I haven’t been to the cafe for a while now and I have no idea of his work schedule anymore.
It’s all different and familiar simultaneously.
I close the door and plop into my designated plush chair.
Since everything happened, plus the beginning of my final undergrad year, I’ve been note taking, reviewing, and hunched over in the library in my minimal spare time.
My schedule is filled to the brim with my thesis classes, lab time, tutoring, TA’ing, and carving out time to complete and turn in my med school applications.
It’s been crazy and we’re barely even into the semester.
I close my eyes and just sit with this never ending to-do list circulating around in my brain.
The last thing I need is to have any kind of distraction.
And Dominic hanging around to help with little repairs around the house is definitely a distraction.

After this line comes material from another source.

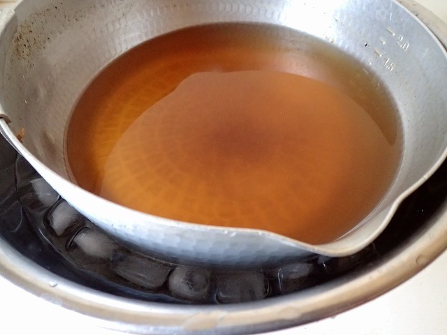 さっと沸かして香り程度の醤油を落し,荒熱が取れたら氷煎しておく.

I guess it does take some stress off Mom’s plate, especially with having a few more follow ups than usual since she collapsed.
Honestly I’m so busy and our schedules are so crazy I’m sure today was just a fluke.
I bet I won’t even see that much of him.
* * *
I’m staring at much more of Dominic than I’ve ever seen.
Our upstairs bathroom toilet is still leaking and he is back to finish the job he started yesterday.
Unlike yesterday however, he’s wearing even less clothing.
With the sudden heat wave that hit last night, Dominic is in running shorts and again, no shirt.
And, of course, our air conditioner decided to crap out in the middle of the night.
I could barely tolerate the heat myself, tossing and turning most of the night.
I even had to change into a tank top and short shorts just to stay moderately comfortable.
This morning was supposed to be my morning off where I could catch up on some sleep but then I heard Mom greet Dominic at the door and soon his tinkering in the bathroom pulled me from my restlessness.